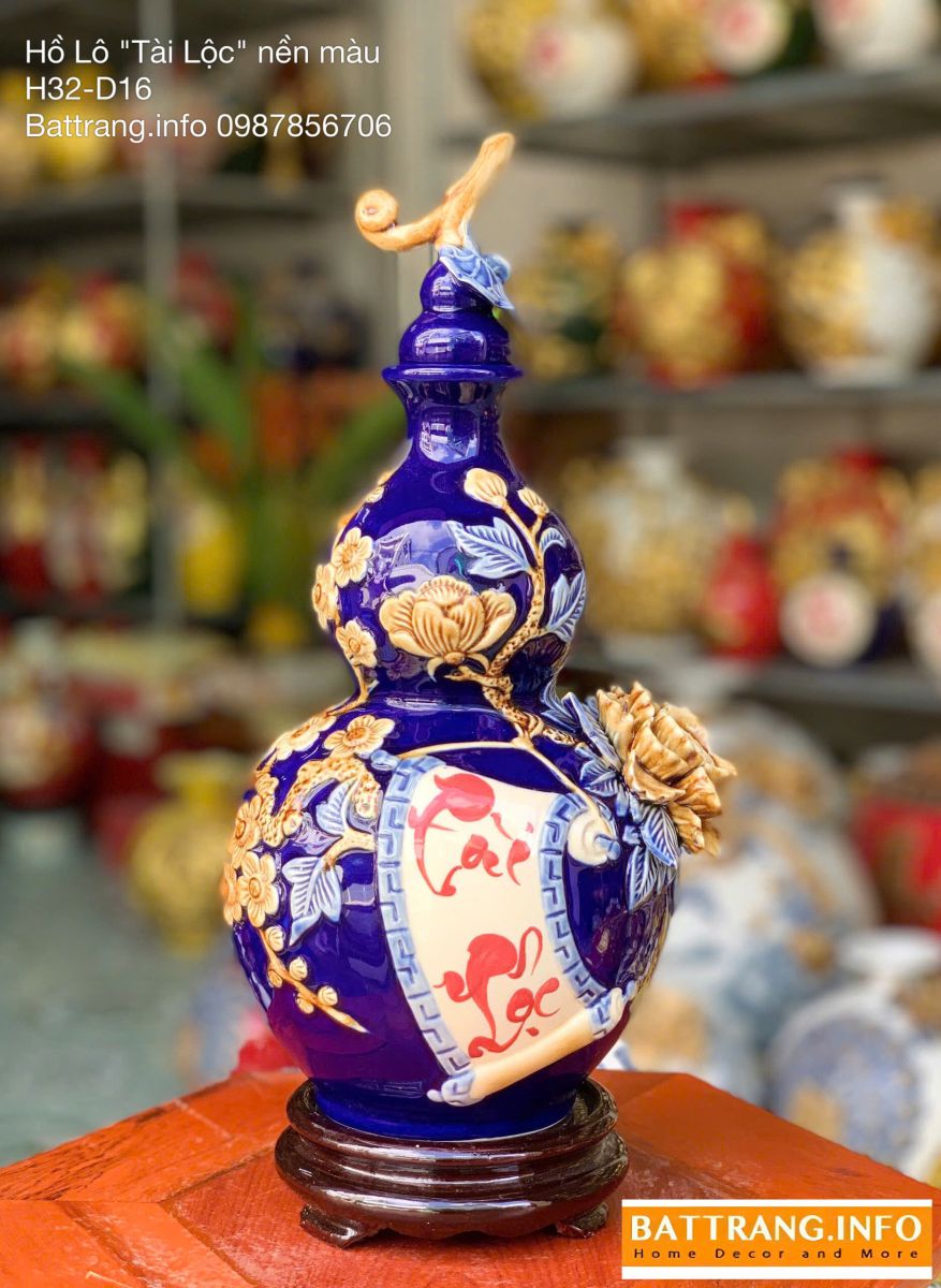 Hồ lô tài lộc men màu đắp nổi cao 32cm là một trong những dòng sản phẩm gốm sứ phong thủy cao cấp của làng nghề Bát Tràng. Được chế tác thủ công tỉ mỉ bởi các nghệ nhân lành nghề, sản phẩm mang trong mình vẻ đẹp tinh tế, sang trọng và đậm đà giá trị văn hóa truyền thống Việt Nam. Hồ lô được phủ men màu cao cấp, kết hợp họa tiết đắp nổi tinh xảo, tạo nên một tổng thể hài hòa và bắt mắt. Với chiều cao 32cm, đây là kích thước lý tưởng để trưng bày trên bàn thờ Thần Tài, kệ phong thủy, hoặc trong phòng khách, giúp thu hút tài lộc, bình an và may mắn cho gia chủ.
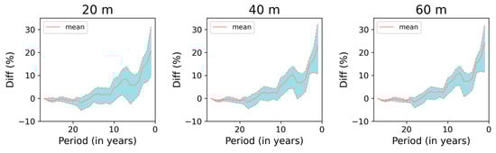 Relative differences in the estimation of Pmean,27, the mean available wave energy flux estimated over the 27-year period (1994–2020) with respect to the number of years n retained for these estimations. Thus, the relative difference is estimated at the different locations disseminated in water depths of 20, 40 and 60 m around Brittany as Diffn = (Pmean,n − Pmean,27)/Pmean,27 with n in [1,27] the number of years considered for this estimation and Pmean,n the mean available wave energy flux estimated from hindcast predictions over the n years between 2020-n + 1 and 2020. The dotted lines show the minimum and maximum values of Diffn computed in the three water depths while the continuous bold line shows the averaged values of Diffn.
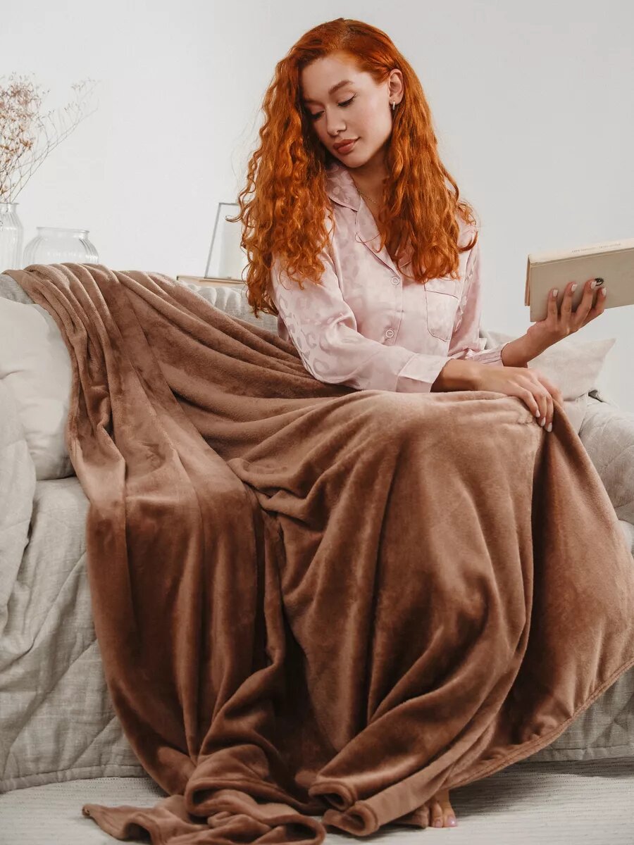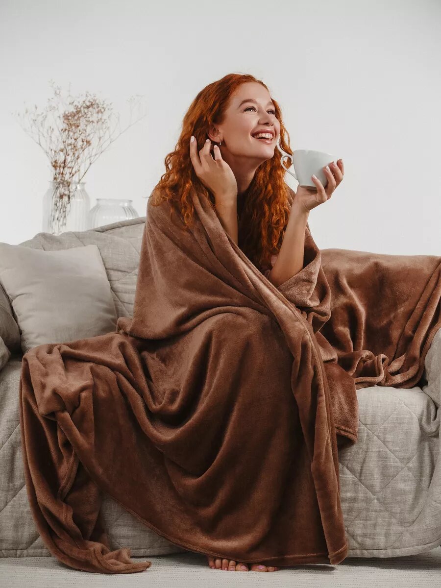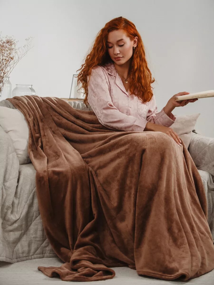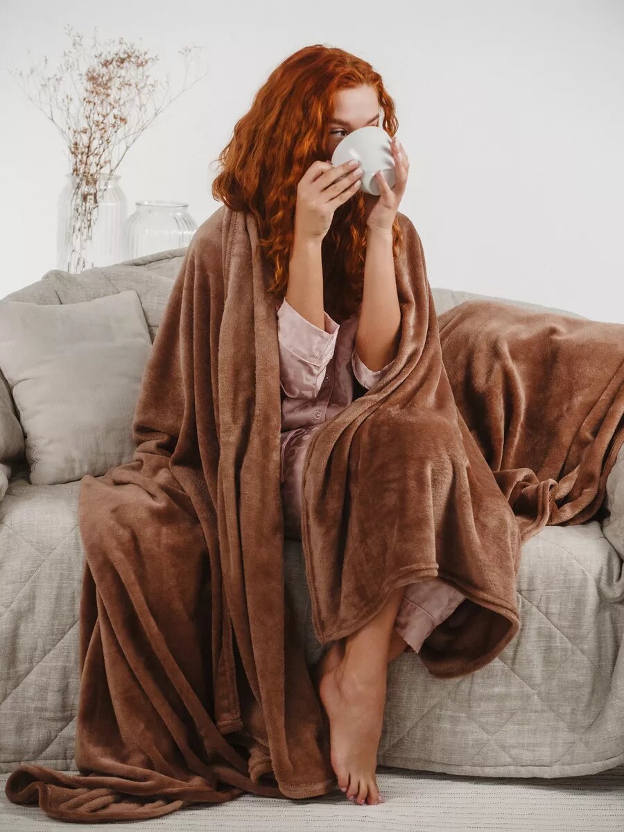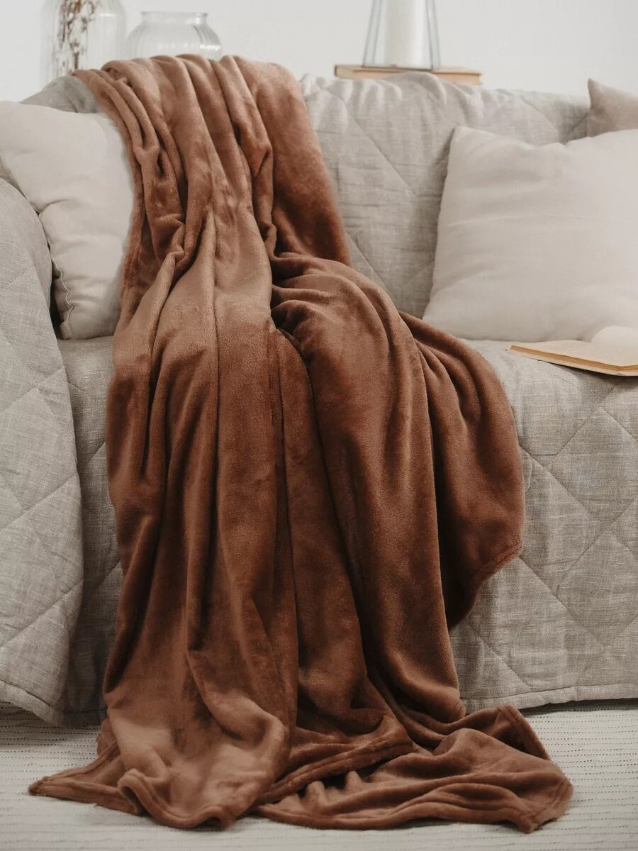 Плед LOVEBERRY из велсофта 150х200 см плюшевый на диван однотонный, какао

* _Task objective_: Please return the lines from the line with "Relative differences in" through the last line of the data, both included, exactly, and without pictures.

* _Result of this task_:
 Relative differences in the estimation of Pmean,27, the mean available wave energy flux estimated over the 27-year period (1994–2020) with respect to the number of years n retained for these estimations. Thus, the relative difference is estimated at the different locations disseminated in water depths of 20, 40 and 60 m around Brittany as Diffn = (Pmean,n − Pmean,27)/Pmean,27 with n in [1,27] the number of years considered for this estimation and Pmean,n the mean available wave energy flux estimated from hindcast predictions over the n years between 2020-n + 1 and 2020. The dotted lines show the minimum and maximum values of Diffn computed in the three water depths while the continuous bold line shows the averaged values of Diffn.
 Плед LOVEBERRY из велсофта 150х200 см плюшевый на диван однотонный, какао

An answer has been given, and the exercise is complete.